(Data entries)
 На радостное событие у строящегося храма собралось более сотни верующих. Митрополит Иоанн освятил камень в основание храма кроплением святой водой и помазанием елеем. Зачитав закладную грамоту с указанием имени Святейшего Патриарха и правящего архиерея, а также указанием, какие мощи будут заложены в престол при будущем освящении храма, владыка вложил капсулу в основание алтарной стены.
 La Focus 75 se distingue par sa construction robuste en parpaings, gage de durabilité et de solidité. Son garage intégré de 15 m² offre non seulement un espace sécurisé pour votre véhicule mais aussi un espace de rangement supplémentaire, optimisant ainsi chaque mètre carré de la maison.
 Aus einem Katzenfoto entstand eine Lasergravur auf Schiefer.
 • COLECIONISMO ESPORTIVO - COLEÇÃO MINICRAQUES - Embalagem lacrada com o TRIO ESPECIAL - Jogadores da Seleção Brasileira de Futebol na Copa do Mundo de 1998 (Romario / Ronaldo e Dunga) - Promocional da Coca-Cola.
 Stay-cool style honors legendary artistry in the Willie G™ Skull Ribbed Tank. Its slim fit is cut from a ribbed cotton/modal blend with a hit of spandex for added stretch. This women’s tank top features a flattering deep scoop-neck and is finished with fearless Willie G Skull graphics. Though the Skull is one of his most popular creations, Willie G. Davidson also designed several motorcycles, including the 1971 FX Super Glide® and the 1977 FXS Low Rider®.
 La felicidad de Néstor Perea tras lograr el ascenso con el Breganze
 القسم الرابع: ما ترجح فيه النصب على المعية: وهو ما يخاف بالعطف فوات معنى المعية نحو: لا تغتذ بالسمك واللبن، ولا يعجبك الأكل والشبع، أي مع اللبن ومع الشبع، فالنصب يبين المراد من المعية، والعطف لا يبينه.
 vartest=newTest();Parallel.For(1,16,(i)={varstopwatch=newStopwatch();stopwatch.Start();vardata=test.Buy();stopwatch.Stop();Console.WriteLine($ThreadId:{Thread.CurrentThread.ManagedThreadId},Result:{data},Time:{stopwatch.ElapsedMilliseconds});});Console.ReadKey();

▶ [WHAT NEEDS TO BE DONE] Each line of the data is to be output exactly, with none skipped.

▶ [RESPONSE AREA]
 На радостное событие у строящегося храма собралось более сотни верующих. Митрополит Иоанн освятил камень в основание храма кроплением святой водой и помазанием елеем. Зачитав закладную грамоту с указанием имени Святейшего Патриарха и правящего архиерея, а также указанием, какие мощи будут заложены в престол при будущем освящении храма, владыка вложил капсулу в основание алтарной стены.
 La Focus 75 se distingue par sa construction robuste en parpaings, gage de durabilité et de solidité. Son garage intégré de 15 m² offre non seulement un espace sécurisé pour votre véhicule mais aussi un espace de rangement supplémentaire, optimisant ainsi chaque mètre carré de la maison.
 Aus einem Katzenfoto entstand eine Lasergravur auf Schiefer.
 • COLECIONISMO ESPORTIVO - COLEÇÃO MINICRAQUES - Embalagem lacrada com o TRIO ESPECIAL - Jogadores da Seleção Brasileira de Futebol na Copa do Mundo de 1998 (Romario / Ronaldo e Dunga) - Promocional da Coca-Cola.
 Stay-cool style honors legendary artistry in the Willie G™ Skull Ribbed Tank. Its slim fit is cut from a ribbed cotton/modal blend with a hit of spandex for added stretch. This women’s tank top features a flattering deep scoop-neck and is finished with fearless Willie G Skull graphics. Though the Skull is one of his most popular creations, Willie G. Davidson also designed several motorcycles, including the 1971 FX Super Glide® and the 1977 FXS Low Rider®.
 La felicidad de Néstor Perea tras lograr el ascenso con el Breganze
 القسم الرابع: ما ترجح فيه النصب على المعية: وهو ما يخاف بالعطف فوات معنى المعية نحو: لا تغتذ بالسمك واللبن، ولا يعجبك الأكل والشبع، أي مع اللبن ومع الشبع، فالنصب يبين المراد من المعية، والعطف لا يبينه.
 vartest=newTest();Parallel.For(1,16,(i)={varstopwatch=newStopwatch();stopwatch.Start();vardata=test.Buy();stopwatch.Stop();Console.WriteLine($ThreadId:{Thread.CurrentThread.ManagedThreadId},Result:{data},Time:{stopwatch.ElapsedMilliseconds});});Console.ReadKey();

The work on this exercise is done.